Distance affected ARUs detection probability more than humans, with calls broadcast farther away generally having a lower detection probability, as we hypothesized. ARUs have been found to have a smaller hearing radius than humans do (Yip, Leston, Bayne, Solymos, & Grover, 2017), and this probably explains the greater effect of distance on ARUs found in this study. Other differences and inconsistencies in this relationship are probably due to (a) the location of the station in relation to the speaker as is suggested by the strong influence of station on human observers’ detection probability; (b) the exact location of the ARU, as ARUs in the same area but a small distance apart had significantly different detection probabilities; and (c) human's directional filtering ability, which allows them to move their head in the direction of the sound.

To our knowledge, no other study has examined the effect of relative altitude between bird and recorder, and within the landscape (valley vs. hilltop) in the detection probability of humans and ARUs. In New Zealand, this is of special importance, as survey stations aimed at detecting kiwi are located at hilltops, assuming that this improves detection. Our results suggest that generally speaking, birds calling from hillsides and those relatively higher or lower from recording sites are less likely to be detected by ARUs, and to a lesser extent by human observers, than those at a similar altitude to listening stations. ARUs had better detection probability if broadcast was line of sight of the location of the ARU. These differences between ARUs and humans are probably due to the immobility of the ARUs and human's directional filtering ability. As well as being able to move their heads, humans locate sound sources (above, below, front, and back) using different stimulus cues, such as interaural level difference, interaural time difference, and spectral cues, something ARUS cannot do. Humans were strongly affected by Trial, but this seems to be the result of the strong influence of station 6 on human observers’ detection probability. Station 6 was located in a deep valley close to a small stream. Both humans and ARUs had difficulties detecting calls from this station. The sound of the stream was not enough to prevent ARUs and humans from recording the broadcast calls, so the depth of the valley was probably the feature that prevented sound reaching ARUs/humans. Overall, we conclude that listening stations would have better detection probability if located like station 4, in a hill overlooking and central to an area to be surveyed.

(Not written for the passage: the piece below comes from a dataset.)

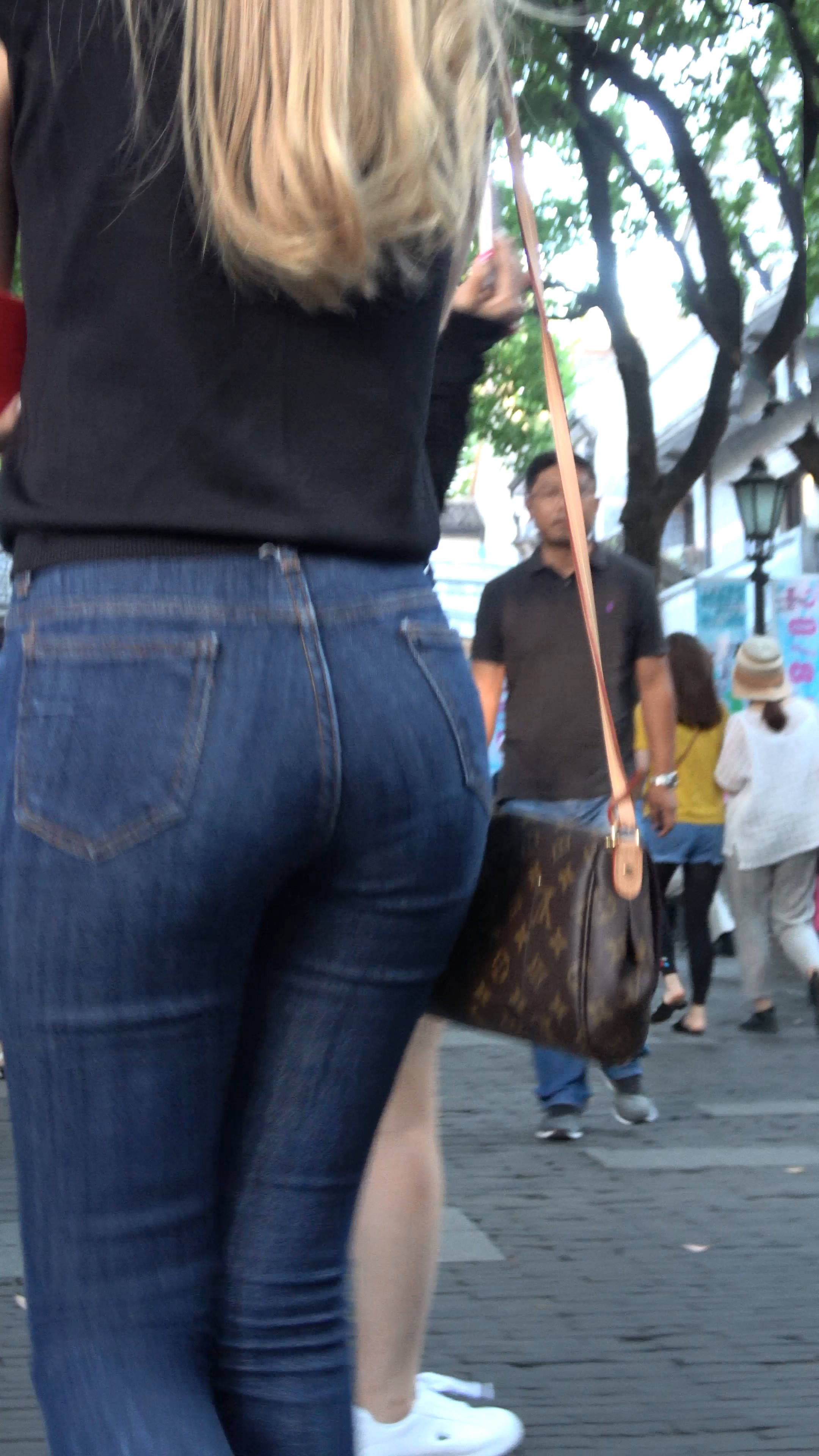 4k超清,街拍金发紧身蓝牛漂亮小姐姐 编号7688

ARUs exhibited a recording frequency bias: Relatively lower frequency female brown kiwi and ruru trill and weow calls had lower detection probabilities. Yip et al. (2017) also found differences between the frequencies recorders detected when comparing a range of ARUs; some recorders were more attuned to higher frequencies and vice versa. These authors argue that differences in detectability due to sound's frequencies will affect the distance at which recorders can detect sounds and of course comparability between human and ARU surveys. Our results support these conclusions and indicate that any calibrations will have to be not only ARU brand specific but also consider individual ARUs. Further, differences between ARUs at the same stations suggest that the exact location of the device is important in terms of what they can record, and that consideration should be given to this when selecting the recorder location and also having more than one device per listening station or more than one microphone per ARU. While some commercially available ARUs have two microphones, many have a single omnidirectional microphone. Having more than one microphone could also be used to enable the estimation of location/direction of the sounds by the ARUs, one of the most important criticisms of ARUs (Table 1).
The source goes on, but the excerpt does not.